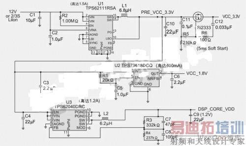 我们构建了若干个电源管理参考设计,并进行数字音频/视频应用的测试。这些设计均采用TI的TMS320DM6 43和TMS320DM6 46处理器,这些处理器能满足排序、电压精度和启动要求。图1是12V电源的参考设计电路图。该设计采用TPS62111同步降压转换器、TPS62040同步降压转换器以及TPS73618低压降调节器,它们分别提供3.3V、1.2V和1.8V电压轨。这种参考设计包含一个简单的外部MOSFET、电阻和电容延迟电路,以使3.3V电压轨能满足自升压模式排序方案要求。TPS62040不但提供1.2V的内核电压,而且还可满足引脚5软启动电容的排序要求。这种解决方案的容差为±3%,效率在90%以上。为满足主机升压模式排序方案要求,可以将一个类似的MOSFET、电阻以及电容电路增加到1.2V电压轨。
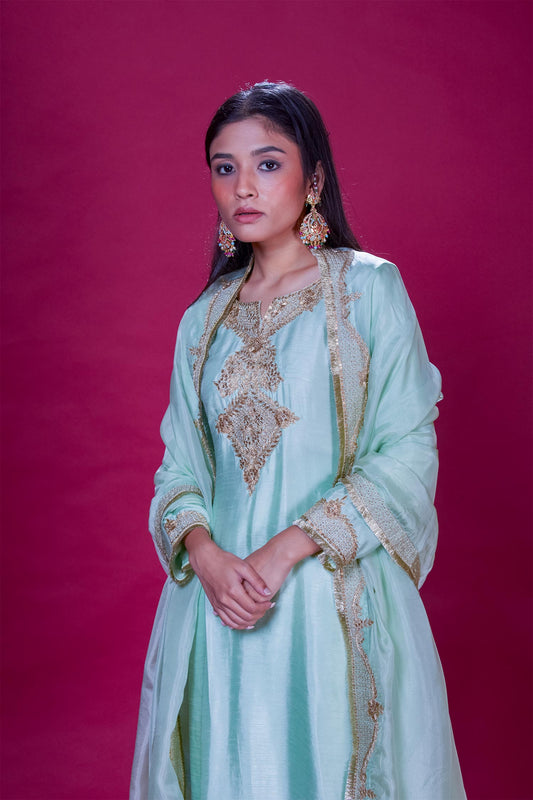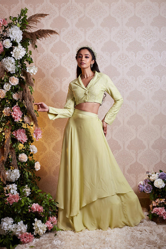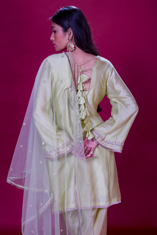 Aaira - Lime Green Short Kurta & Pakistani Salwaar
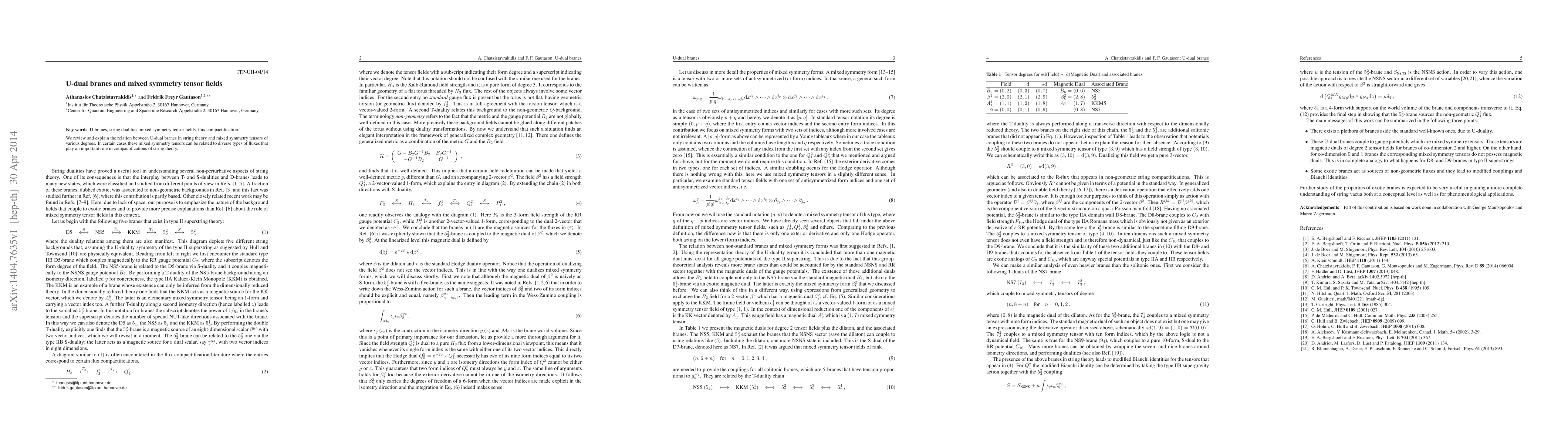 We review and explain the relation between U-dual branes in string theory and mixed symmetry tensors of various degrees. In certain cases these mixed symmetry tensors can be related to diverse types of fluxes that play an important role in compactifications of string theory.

...

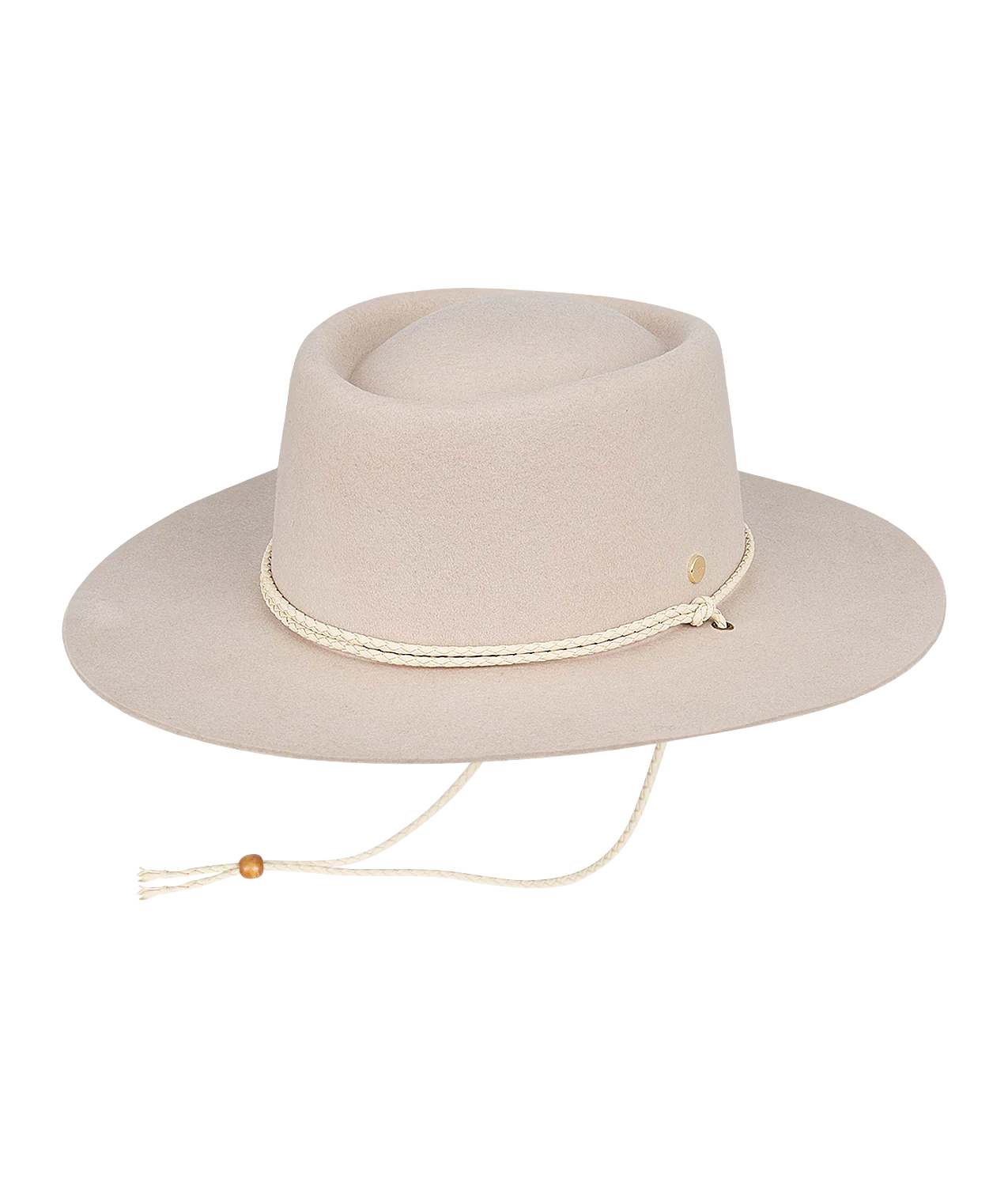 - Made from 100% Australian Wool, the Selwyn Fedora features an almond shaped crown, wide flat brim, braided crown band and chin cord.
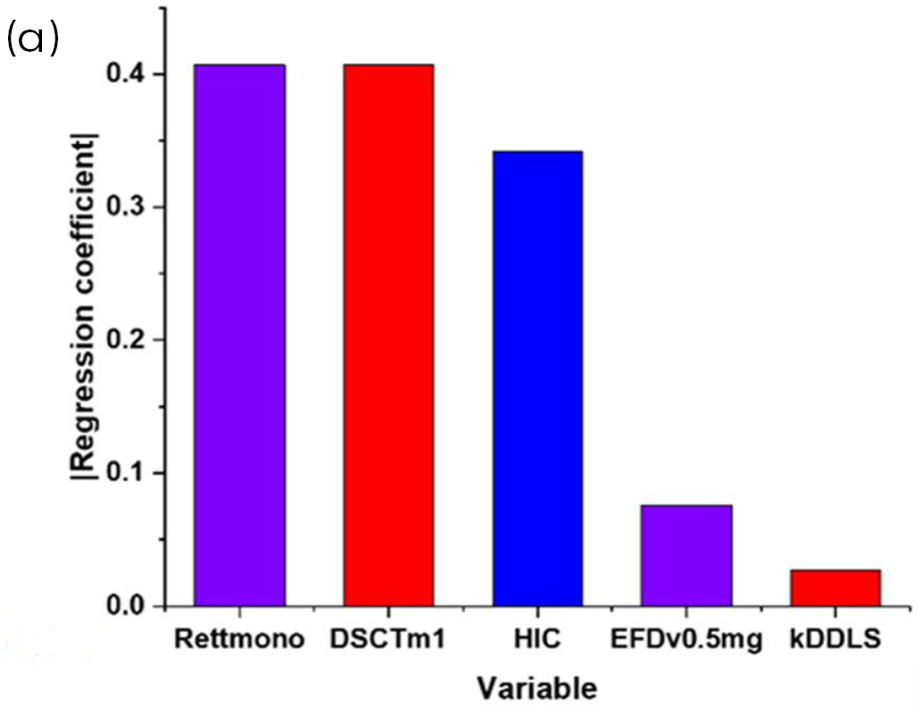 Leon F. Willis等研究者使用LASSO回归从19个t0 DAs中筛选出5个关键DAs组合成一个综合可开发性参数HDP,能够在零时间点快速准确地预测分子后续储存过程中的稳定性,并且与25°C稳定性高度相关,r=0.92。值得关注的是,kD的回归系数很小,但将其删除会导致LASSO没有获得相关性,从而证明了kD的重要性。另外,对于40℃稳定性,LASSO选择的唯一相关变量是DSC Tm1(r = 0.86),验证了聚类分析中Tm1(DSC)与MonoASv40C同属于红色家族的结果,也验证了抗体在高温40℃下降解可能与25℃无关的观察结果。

TRY IT
Starting at the line above with "- Made from", output every line exactly up to and including the line with "Leon F. Willis等研究者使用LASSO回归从19个t0", but none of the pictures.

RESULT FOR THIS EXERCISE
 - Made from 100% Australian Wool, the Selwyn Fedora features an almond shaped crown, wide flat brim, braided crown band and chin cord.
 Leon F. Willis等研究者使用LASSO回归从19个t0 DAs中筛选出5个关键DAs组合成一个综合可开发性参数HDP,能够在零时间点快速准确地预测分子后续储存过程中的稳定性,并且与25°C稳定性高度相关,r=0.92。值得关注的是,kD的回归系数很小,但将其删除会导致LASSO没有获得相关性,从而证明了kD的重要性。另外,对于40℃稳定性,LASSO选择的唯一相关变量是DSC Tm1(r = 0.86),验证了聚类分析中Tm1(DSC)与MonoASv40C同属于红色家族的结果,也验证了抗体在高温40℃下降解可能与25℃无关的观察结果。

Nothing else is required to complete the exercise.